My hope is that the Great Recession changed how Southern Nevada businesses view their own practices and long-held beliefs—including a better understanding of the underlying strengths and weakness of our economy—and what kind of tax structure we need to support a vibrant modern economy.

I also hope that the business community understands the fundamental importance of an educated and skilled workforce. Why? Because an economy built largely on discretionary spending by tourists and low-skill, low-wage workers is problematic in today’s global economy. And it’s not an effective way to attract a broad range of companies to the region, especially in the STEM (science, technology, engineering and math) space.

Finally, my hope is that the general business community recognizes that the Las Vegas brand we market and the global image we portray do mean something when trying to attract investment, business expansion and relocation, and skilled and educated workers.

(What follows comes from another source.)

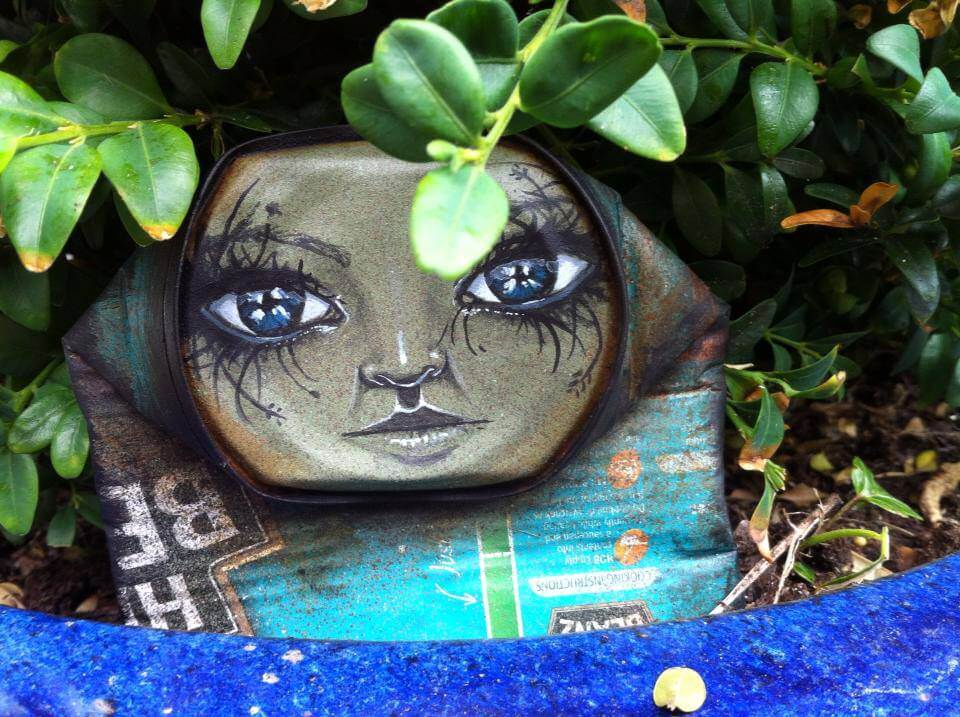 My Dog Sighs’s style is characterised by the combination of melancholic and often naive portraiture with the use of found materials including abandoned food cans. His use of materials ‘lost then found’ became the underbelly to ‘Free Art Friday’ project, now a global sensation. Moments of loss and then being found echo the materials used. Tin cans, once the receptacle of our sustenance, all too quickly rejected, thrown away, abandoned by a materialistic society.

My concern is that, as the economy improves, many in the business community will forget the lessons of the Great Recession and return to doing business as usual. Hubris has never been in short supply in Southern Nevada, because of our business culture and because the region had such a prolonged period of hyper-growth. So the jury is still out on whether Las Vegas will see a renaissance in business thinking.

That said, I do see a newly discovered sense of realism and pragmatism in both the business community and the governmental sector about Southern Nevada’s future. What I mean is that the era of irrational cheerleading and economic development by slogan is over. There seems be a true recognition of the strengths and weaknesses of Southern Nevada combined with an understanding of the opportunities and threats facing the region.

I’m guardedly optimistic about 2013. Most, if not all, of the economic and market indicators have either stabilized or are modestly improving, and have been doing so for more than a year. No, Southern Nevada will not see a “V”-style recovery, but we are certainly seeing an elongated Nike Swoosh-style recovery. And that’s good considering the economic trauma the region has gone through during the last five years.

The business community, in general, knows that the Valley’s gilded age is not likely to come back anytime soon, and that a large commitment of what I call the “3Ts” (time, talent and treasure) is needed to put the economy on a sustainable glide path. I truly believe the commitment is there today, because of the pain wrought by the Great Recession.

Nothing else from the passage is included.